PV Sindhu Has Said The Practice Of Actually Respecting Women In India Is Very Rare As Compared To Overseas, Where Women Get More Respect.

News Nation Bureau | Edited By : Siddharth Vishwanathan | Updated on: 19 Jan 2019, 12:04:24 PM
PV Sindhu has said women have more respect in India but in India, the practice of actually respecting women is rare. (Image credit: Twitter)

PV Sindhu has said women have more respect in India but in India, the practice of actually respecting women is rare. (Image credit: Twitter)

highlights

  • PV Sindhu won BWF World Tour Finals for first time
  • Sindhu broke her final losing streak in 2018
  • Sindhu is currently ranked No.3 in the world

Hyderabad:

The #MeToo movement in India raised plenty of questions about the sexual harassment women face in all walks of life and it also showed the mirror to ‘misogynistic’ and ‘sexist’ outlook of men. Bollywood and the media industry, in addition to other prominent fields, saw women calling out their sexual harassers and shaming them on social media. PV Sindhu, India’s ace badminton player, also said the #MeToo movement has educated men and women about their responsibilities in society but reiterated that the practice of actually respecting women in India is very rare. “Travelling abroad, I have seen there is a lot of respect for women, I am happy there is respect for women in other countries. In India, people say 'we should respect women' but those who actually practice this are very rare,” Sindhu said on the sidelines of the  SH(OUT) - Sexual Harassment Out, a first of its kind initiative by Hyderabad City Police along with Soroptimist International Organisation.

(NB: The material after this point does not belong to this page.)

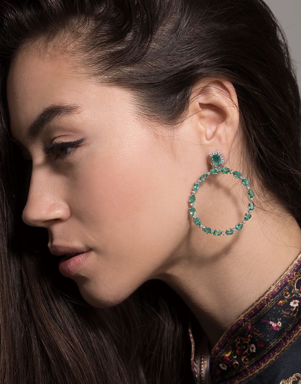 Carla Amorim esperanca emerald and diamond earrings. For pierced ears.
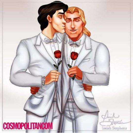 正如我们所知,迪士尼童话电影的最后一般都是王子与公主在一起的大团圆结局。虽然王子与公主门当户对,但这样千篇一律的结尾却很难给影迷们带来新意。最近有一位国外画师Isaiah Keith Stephens就通过画笔改变了这个一成不变的结局。要是王子与王子在一起的话,那将会擦出什么火花呢?我们就一起来看看吧。

However, the Hyderabad badminton player stated that Indian society has changed in the last couple of years. “Earlier it was like women should not work and stay at home, but now the society has completely changed. It is said that men and women are equal. I think the women have to be strong and we have to believe in ourselves,” Sindhu added.

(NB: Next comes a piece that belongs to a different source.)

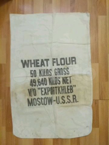 Вот пример надписи на таком мешке (как утверждает продавец, начала 80-х) - https://19.img.avito.st/image/1/Eubb6Layvg_tQXwK8_xQr0tLvgl7Sbw, а это - https://54.img.avito.st/image/1/s9FvXrayHzhZ6Z01BTTi6Jj9Hz7P_x0 - "Довоенный экспортный мешок V/O Exportkhleb из под пшеничной муки... РЕДКАЯ ВЕЩЬ!" без указания года "рождения".

Sindhu credited the #MeToo movement, saying it has raised awareness of sexual harassment for women. “Sexual harassment is a type of discrimination. It is an unwanted or unwelcome sexual behaviour which makes a person feel offended, humiliated or intimidated. It can be physical, verbal, non-verbal or written. The current #MeToo movement has brought in a lot of awareness recently about the sexual harassment of women at work place,” Sindhu added.

Sindhu made history by becoming the first Indian to win the season-ending BWF World Tour Finals tournament. Sindhu came up against a familiar foe in Nozomi Okuhara and defeated her 21-19, 21-17 win in the final for her first title of the year. She settled for silver after losing to Spain's Carolina Marin at the 2016 Rio Olympics. She suffered more heartbreaks at the Asian Games and Commonwealth Games in 2018, and has also twice lost in the final of the World Championships and was runner-up in last year's season finale.